Respiratory involvement in patients with
inflammatory bowel disease (IBD) has been reported mainly since 1976. This form of involvement should clearly be separated from
interstitial lung disease due to
sulfasalazine or
mesalamine, although the distinction may be difficult in some cases. We report the data of an ongoing Registry containing 33 cases (23 cases receiving no
drug therapy) with
ulcerative colitis or, less often,
Crohn's disease, who developed varied bronchopulmonary problems. In several cases, the exact diagnosis and the relation of the bronchopulmonary disease to IBD had not been established for many years, thus delaying effective treatment with
steroids. In most cases (28/33), respiratory involvement followed the onset of IBD (8 of these 28 cases were postcolectomy), and in the remainder, respiratory manifestations predated the IBD. Patterns of involvement included: 1) Airway
inflammation, in the form of subglottic
stenosis,
chronic bronchitis, severe chronic bronchial
suppuration,
bronchiectasis, and chronic
bronchiolitis. In cases with large airway involvement, endoscopy showed exuberant inflammatory tissue in the airways and narrowing of tracheal and/or bronchial lumen. Histologically, airways were heavily infiltrated by a dense aggregate of inflammatory cells, and there were mucosal ulcerations. 2) Varied patterns of
interstitial lung disease, mainly
bronchiolitis obliterans with
organizing pneumonia, and pulmonary infiltrates and
eosinophilia. (3) Miscellaneous other forms of involvement including striking neutrophilic necrotic parenchymal nodules (corresponding histologically to sterile aggregates of neutrophils), and
serositis.
Steroids were very effective in the majority of cases. Inhaled
steroids were of durable benefit in patients with
chronic bronchitis, but less often so in those with chronic bronchial
suppuration,
bronchiectasis, or chronic
bronchiolitis.
Steroids administered orally led to marked improvement in patients with
interstitial lung disease and necrotic nodules, but lacked effectiveness in several patients with severe airway
inflammation or chronic
bronchiolitis.

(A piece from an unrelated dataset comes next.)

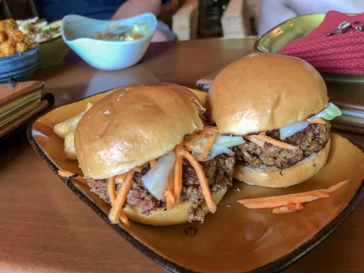 These may or may not be available during your visit. We saw them for a short-lived time at Nomad Lounge and across the park for the 20th anniversary. If you do happen to see the Impossible Burger around, it’s a full vegan burger (literally the burger patty) that “bleeds”. Yeah, and it tastes like a real meat burger too. It’s quite different and good, very unique. The yucca fries are particularly enjoyable as well.

Intravenous
steroids were required in the initial management of life-threatening complications such as asphyxiating subglottic
stenosis or extensive
interstitial lung disease. Bronchial lavages with
methylprednisolone were effective in some patients with severe airway
inflammation. Patients with IBD can develop varied inflammatory complications in the lung, and a sizable fraction of these complications is
steroid-sensitive.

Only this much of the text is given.